Dapsone was assessed for effects on perinatal/postnatal pup development and postnatal maternal behavior and function in a study in which dapsone was orally administered to female rats daily beginning on the seventh day of gestation and continuing until the twenty-seventh day postpartum. Maternal toxicity (decreased body weight and food consumption) and developmental effects (increase in stillborn pups and decreased pup weight) were seen at a dapsone dose of 30 mg/kg/day (approximately 382 times the systemic exposure that is associated with the MRHD of ACZONE Gel, 5%, based on AUC comparisons). No effects were observed on the viability, physical development, behavior, learning ability, or reproductive function of surviving pups.
There is no information regarding the presence of topical dapsone in breastmilk, the effects on the breastfed infant, or the effects on milk production. Orally administered dapsone appears in human milk and could result in hemolytic anemia and hyperbilirubinemia especially in infants with G6PD deficiency. Systemic absorption of dapsone following topical application is minimal relative to oral dapsone administration; however, it is known that dapsone is present in human milk following administration of oral dapsone.
Safety and efficacy was evaluated in 1169 children aged 12-17 years old treated with ACZONE Gel, 5%, in the clinical trials. The adverse event rate for ACZONE Gel, 5%, was similar to the vehicle control group. Safety and efficacy was not studied in pediatric patients less than 12 years of age, therefore ACZONE Gel, 5%, is not recommended for use in this age group.
Clinical trials of ACZONE Gel, 5%, did not include sufficient number of subjects aged 65 and over to determine whether they respond differently from younger subjects.
ACZONE Gel, 5% and vehicle were evaluated in a randomized, double-blind, cross-over design clinical trial of 64 subjects with G6PD deficiency and acne vulgaris.

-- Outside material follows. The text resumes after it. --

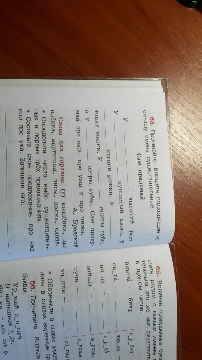 У слона высокий рост. У лисицы пушистый хвост. У козлёнка крепки ножки. У цыпленка тонки ножки. У мартышки толсты губы, а у волка остры зубы.
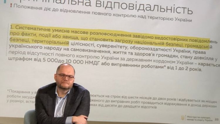 "20 января 2020 года, Министерство культуры, молодежи и спорта Украины опубликовало текст проекта закона о борьбе с дезинформацией и регулирования деятельности СМИ. По словам министра культуры, молодежи и спорта Владимира Бородянского, закон имеет целью противостоять российской дезинформации. Однако журналистское сообщество считает, что эта инициатива, вероятно, будет использована как инструмент для травли украинских журналистов. В частности, Национальный союз журналистов Украины (НСЖУ) предупреждает, что закон сделает возможным государственное вмешательство в журналистскую профессию и ограничит права работников СМИ.

Subjects were Black (88%), Asian (6%), Hispanic (2%) or of other racial origin (5%). Blood samples were taken at Baseline, Week 2, and Week 12 during both vehicle and ACZONE Gel, 5% treatment periods. There were 56 out of 64 subjects who had a Week 2 blood draw and applied at least 50% of treatment applications. Table 3 contains results from testing of relevant hematology parameters for these two treatment periods. ACZONE Gel was associated with a 0.32 g/dL drop in hemoglobin after two weeks of treatment, but hemoglobin levels generally returned to baseline levels at Week 12.
There were no changes from baseline in haptoglobin or lactate dehydrogenase during ACZONE or vehicle treatment at either the 2-week or 12-week time point.
The proportion of subjects who experienced decreases in hemoglobin ≥1 g/dL was similar between ACZONE Gel, 5% and vehicle treatment (8 of 58 subjects had such decreases during ACZONE treatment compared to 7 of 56 subjects during vehicle treatment among subjects with at least one on-treatment hemoglobin assessment). Subgroups based on gender, race, or G6PD enzyme activity did not display any differences in laboratory results from the overall study group. There was no evidence of clinically significant hemolytic anemia in this study. Some of these subjects developed laboratory changes suggestive of hemolysis.